Somehow I find it hard to trust Microsoft to provide a fair test - they have a vested interest in having IE "win". I wouldn't trust a test from Mozilla foundation or Opera either.
While I doubt the tests are explicitly include any kind of favoritism (e.g., "if (browser=IE) GiveAHighScore(); else GiveALowScore();"), you're probably right in that the tests are chosen to showcase things that IE does well. A car company that sells dragsters wouldn't present prospective buyers with a twisty road course on which to test them
I still wouldn't outright dismiss the tests, though--if nothing else, they show that there are some things that IE does better than the competition (or, at the very least, is competitive), and they're not just obscure features that no one's ever heard of--they're "cool" things that you can actually see.
The question is: Since Microsoft has more resources than every other browser producer out there combined, why is it so far behind on standards compatibility? Considering IE has been around longer than Firefox, Opera, and Chrome it should be AHEAD of the curve - not behind.
Well, not everyone at Microsoft works on IE--I imagine a more fair comparison would be just looking at the number of people who actually work on IE.

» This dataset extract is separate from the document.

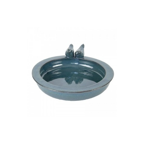 Kerámia madáretető- és itató madárdíszítéssel, kék színben. Ha szeretnél kedvükben járni a madaraknak, remek választás ez a kerti kiegészítő! A kerámiából készült tál egyszerre funkcionálhat madáretetőként, madáritatóként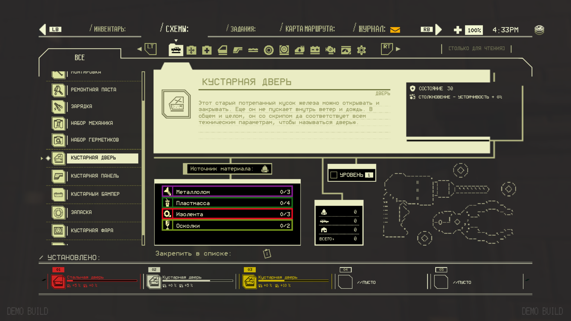 …но это сурвайвал. Так что сначала надо собрать дверь для автомобиля, молоток для разбивания стекла, контейнеры плазмы для радиостанции и так далее. И размеренные поездки неожиданно превращаются в беготню по локациям и обыск каждого мусорного ведра, ведь в них есть пластмасса и металлолом.

As for why it's behind, not ahead...the simple reason is that Microsoft is extremely slow to react to change. With Internet Explorer 6 in 2001, Microsoft basically felt the browser wars were over, and IE had won. At the time, Netscape was pretty much dead[
source], Firefox didn't even really exist yet, and Opera had all of .13% of the market share[
source]. Netscape usage declined rapidly, and IE usage was above 90% by the end of 2001, reaching 95% by 2004. Microsoft basically mothballed IE and moved resources elsewhere--if there's no competition, what's the point in spending a ton of resource on it? (No, I don't necessarily agree with that attitude).
Then, in 2004, Firefox started skyrocketing in popularity, and Microsoft had to start up working on IE again, but it took until 2006 for anything new to come out, and IE7 was mainly some UI improvements over IE6 without a great deal of improvements in the Trident engine--basically a stopgap measure. It took another three years after that for IE8, a browser that was actually a real improvement.
The same kind of problem happened in the mobile space--Windows Mobile was doing okay, and then rapidly fell behind as competitors showed up with great new innovations and ideas. Microsoft is again closing the gap with Windows Phone 7, but it's dangerously late to a game that already has quite a few strong players, and still doesn't have feature parity with its competition.
Yes, Microsoft has more resources--but the downside of this is the lack of agility. Microsoft is a very large machine, and it has proven many times that it doesn't have the ability to react quickly to changes in the market.
In the case of IE, the "standards compliance" push was championed by other people first, and IE took a long time to get back into the game.
Is it the best way to run a company? Probably not, but it's the explanation for why IE is behind currently.
There's also seems to be a lot more emphasis on not breaking things, given the much slower ship cycle that IE has compared to the other browsers--if Firefox breaks some webpages when it releases a version, oh well, the next version will be out before too long. The same can't be said for IE. This translates into a whole lot more time spent by developers and testers in making sure that old things don't break while you're adding new features.